Il primo luglio la corte costituzionale austriaca ha ufficialmente certificato le numerose irregolarità commesse nel conteggio dei voti in occasione delle presidenziali dello scorso 22 maggio. Le violazioni riguardano 94 distretti elettorali su 117 ed hanno inciso su quasi 78mila voti, più del doppio dei 30.863 con cui il verde europeista Alexander Van der Bellen ha battuto lo sfidante Norbert Hofer, esponente euroscettico del populista Partito della Libertà (FPÖ). Proprio il FPÖ aveva presentato istanza di ricorso, accolta appena 7 giorni prima dell’insediamento ufficiale di Van der Bellen. Benché il presidente della repubblica austriaca sia una carica soprattutto cerimoniale, viste le contrapposte posizioni degli sfidanti in merito all’integrazione comunitaria, il ballottaggio del 2 ottobre pare destinato a tramutarsi in una consultazione informale sul futuro dell’Unione Europea. In particolare Hofer ha annunciato in un’intervista al Corriere della Sera che «in caso di ulteriore riduzione della sovranità degli Stati membri, Vienna è pronta a celebrare un referendum simile alla brexit». In realtà, qualora fosse eletto presidente, Hofer non disporrebbe dei poteri necessari ad indire un tale referendum e stando ai sondaggi la maggioranza degli austriaci preferirebbe rimanere nell’Ue, ma nel medio periodo la situazione potrebbe modificarsi considerevolmente. Molto dipenderà dagli effetti che entro l’autunno la brexit avrà avuto sull’economia britannica e sulla percezione che gli austriaci avranno della perdurante crisi dei migranti.

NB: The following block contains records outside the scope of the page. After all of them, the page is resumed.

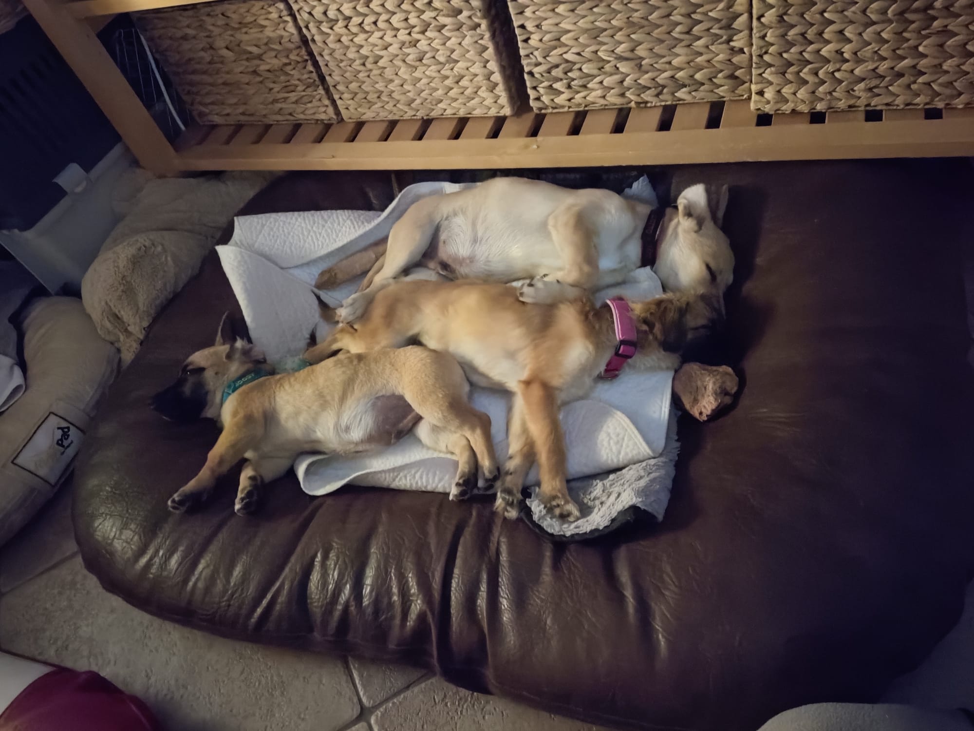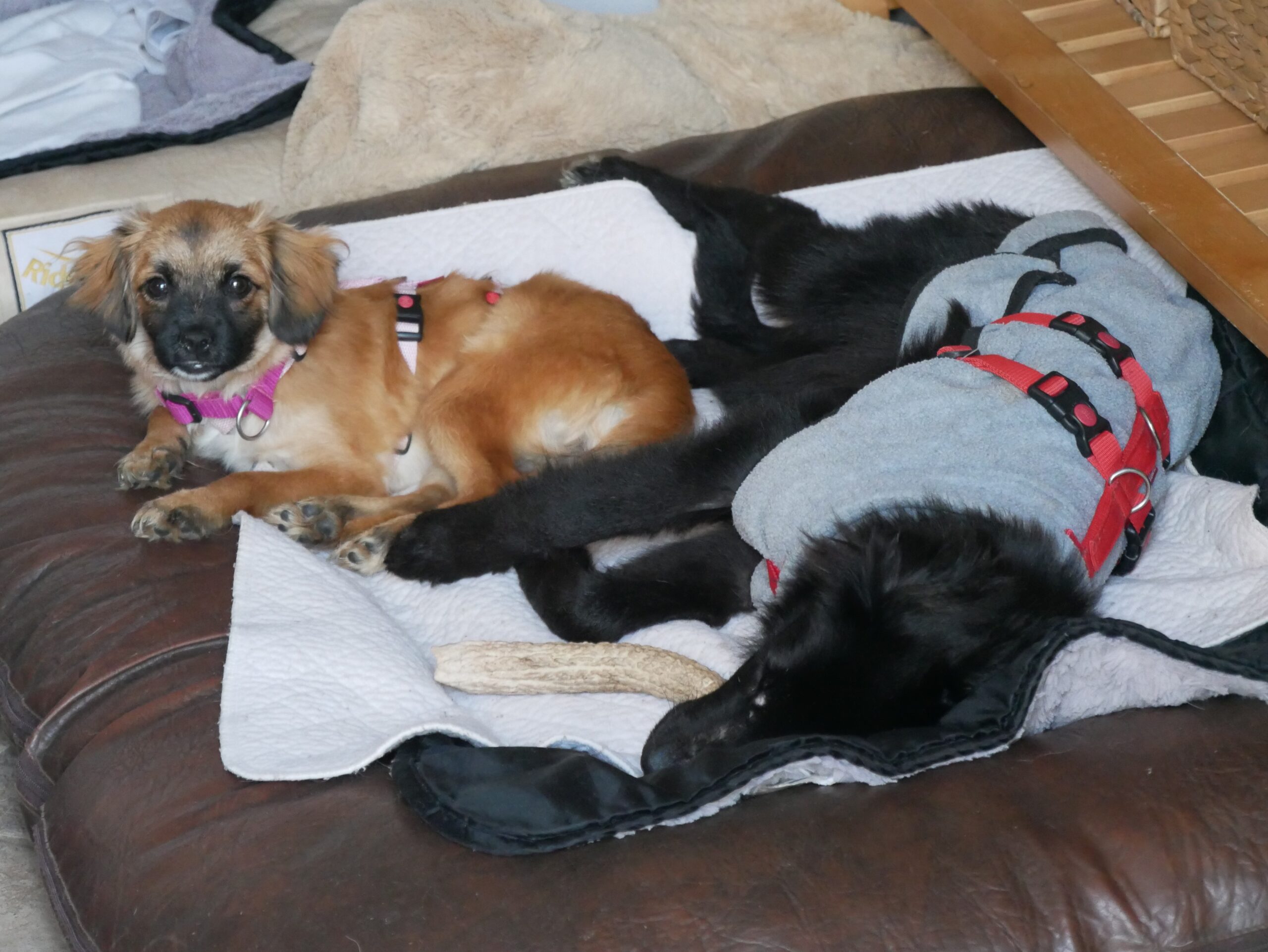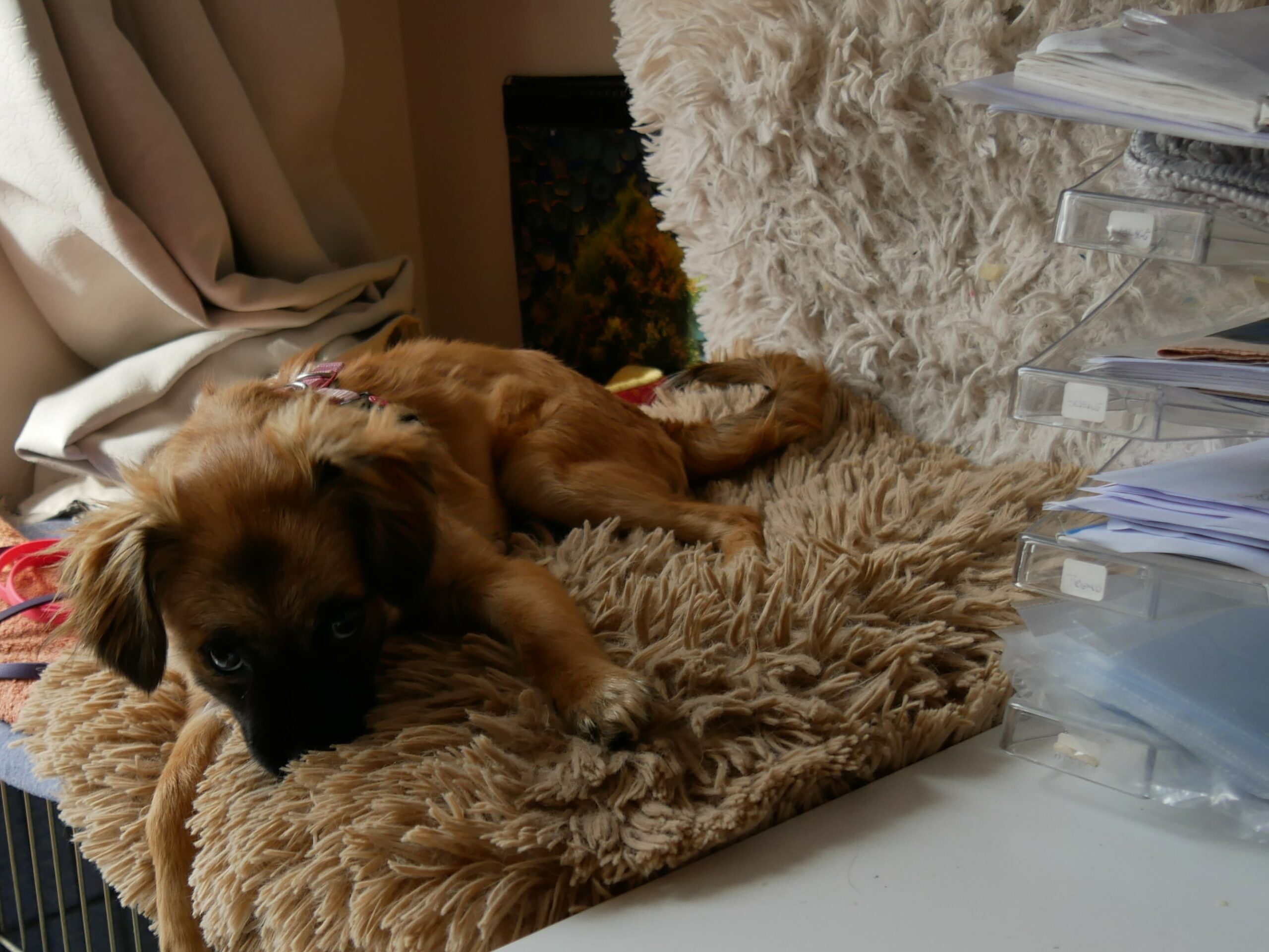 Sie ist hier mit im Büro, legt sich ab und wartet, bis wieder Action angesagt ist. Abends, wenn Ruhe einkehrt, liegt sie gerne mit den Pflegestellen-Schwestern und / oder dem Pflegemenschen auf dem Kronenkissen. Kuscheln und Bäuchlein kraulen ist dann ein Muss.
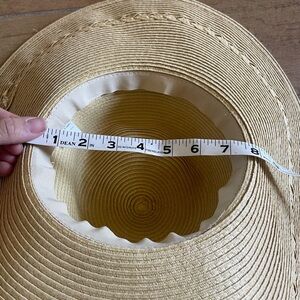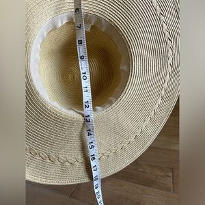 Description: Elegant wide brim straw hat in a light tan color. Perfect for sunny days.
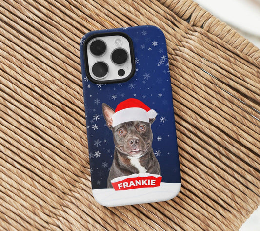 Custom Pet Christmas Phone Case with Dog Cat Photo, Personalized Gift
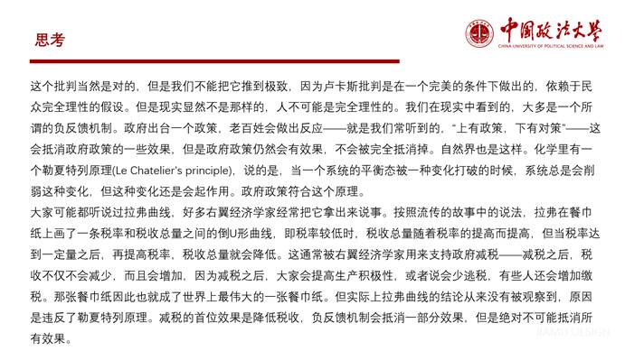 第三部分,徐可依同学先介绍了卢卡斯批判的政策考虑,探讨如何在理论考虑和实际操作之间找到一个平衡点,以便进行准确有效的政策评估。然后提出具体理解政策效果与市场预期之间的关系,以及如何通过管理预期来提高政策的有效性。并且提出对于论文结论的理解,即任何基于经验数据的经济模型不可以用于政策制定,因为政策的实施会改变得出该政策的模型本身。最后,提出了对于整篇论文的思考,强调了政府政策在现实中的效果是有限的,并且会受到民众反应的影响。同时,它也批评了卢卡斯批判在实际应用中的局限性,并指出政策效果的观察需要考虑负反馈机制的影响。并且提出思考,卢卡斯批判为政策制定者提供了重要的启示,即在制定和实施政策时,必须考虑到经济主体的预期反应,以及这些反应如何影响经济模型的参数和政策的有效性。这要求政策制定者采用更为复杂和动态的模型来评估政策,同时提高政策的透明度和沟通,以更好地管理预期。
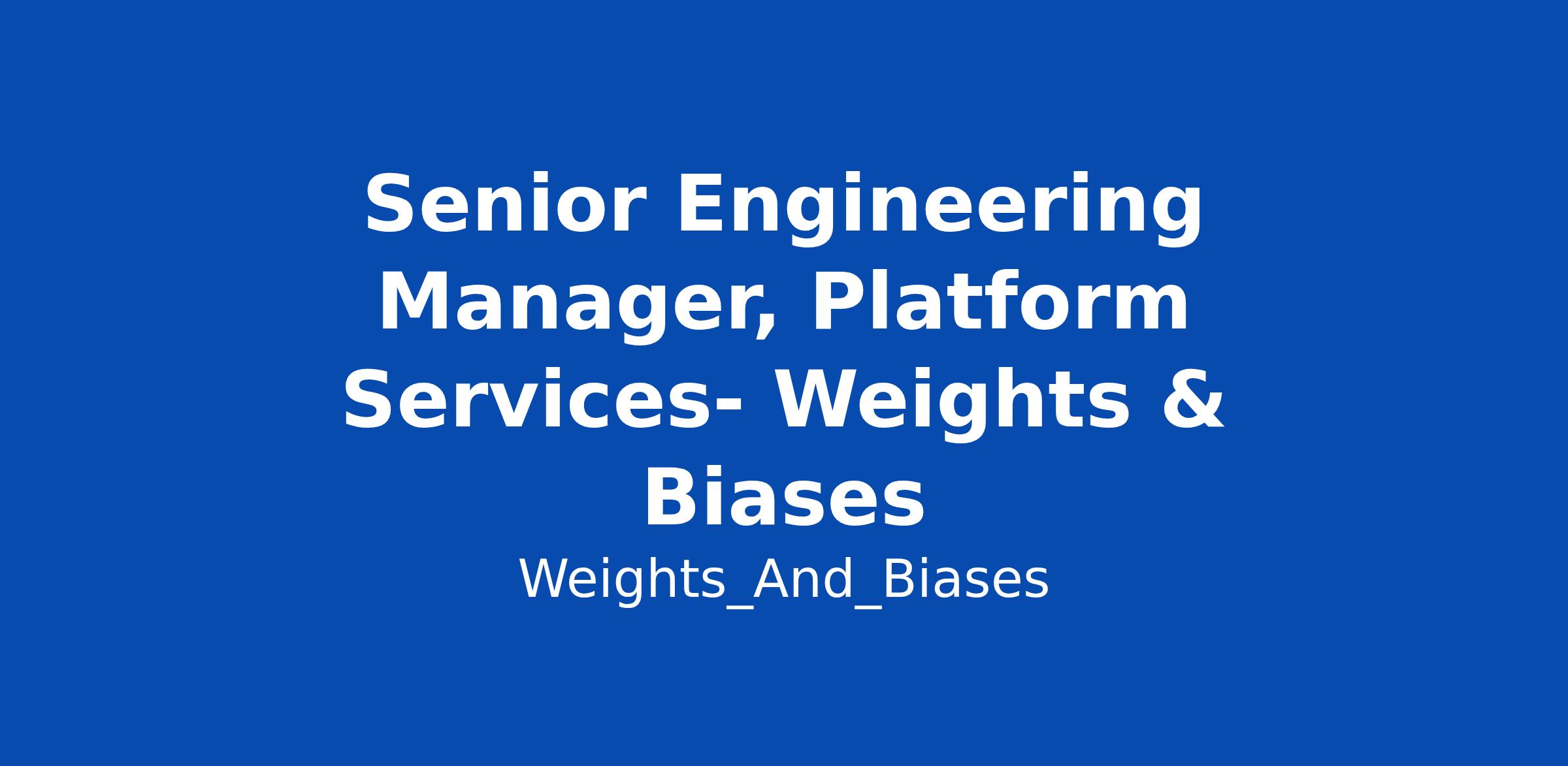 Senior Engineering Manager, Platform Services- Weights & Biases

Il voto d’Oltremanica ha definitivamente squarciato l’aura di inevitabilità dell’architettura comunitaria e qualora crescita e tasso di disoccupazione britannici non subissero significative variazioni, è possibile che ad ottobre i cittadini austriaci scelgano Hofer. Peraltro il candidato populista è impegnato in queste ore a rilanciare la sfida sulla falsariga del voto inglese, ovvero establishment contro cittadini comuni. Con le violazioni procedurali delle ultime presidenziali a palesare le falle di un sistema profondamente corrotto. E poco conta se a commettere le infrazioni sono stati anche funzionari vicini al FPÖ. Come dimostrato da quanto accaduto nel Regno Unito, le masse europee considerano le élites, incarnate dai partiti tradizionali e dai burocrati brussellesi, estranee ed indifferenti alla loro condizione sociale ed economica. Nella loro interpretazione della realtà, il recupero delle prerogative nazionale servirebbe a stemperare gli effetti collaterali della globalizzazione e ad interrompere i flussi migratori. Specie se la Gran Bretagna supererà positivamente l’attuale fase di transizione.
Aspirazioni legittime e miti inconsistenti che informeranno il voto austriaco. E che nei prossimi anni potrebbero determinare il futuro della costruzione europea.